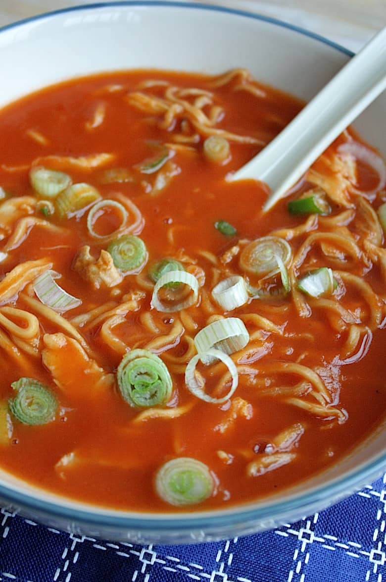 Serveer de soep in komen met een beetje noedels en wat ringetjes lente ui.
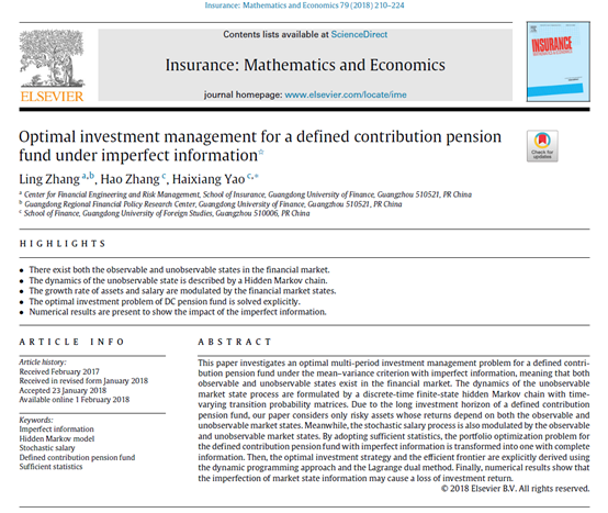 我校yl88858永利集团张玲博士最新的研究论文《Optimal investment management for a defined contribution pension fund under imperfect information》于2018年3月发表在保险精算领域国际权威期刊《Insurance:Mathematics and Economics》上,此研究论文被SSCI和SCI同时收录。这是我校教师首次在保险精算领域国际权威期刊发表研究论文,是我校经济管理领域研究在国际高水平论文发表方面的突破。
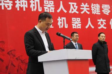 中信重工開(kāi)誠(chéng)智能裝備有限公司總經(jīng)理陸文濤向千人計(jì)劃產(chǎn)業(yè)園管理中心副主任羅浩杰進(jìn)行特種機(jī)器人交付

▸ Task instructions
Print the material above verbatim, no images.

▸ Exercise response
 Serveer de soep in komen met een beetje noedels en wat ringetjes lente ui.
 我校yl88858永利集团张玲博士最新的研究论文《Optimal investment management for a defined contribution pension fund under imperfect information》于2018年3月发表在保险精算领域国际权威期刊《Insurance:Mathematics and Economics》上,此研究论文被SSCI和SCI同时收录。这是我校教师首次在保险精算领域国际权威期刊发表研究论文,是我校经济管理领域研究在国际高水平论文发表方面的突破。
 中信重工開(kāi)誠(chéng)智能裝備有限公司總經(jīng)理陸文濤向千人計(jì)劃產(chǎn)業(yè)園管理中心副主任羅浩杰進(jìn)行特種機(jī)器人交付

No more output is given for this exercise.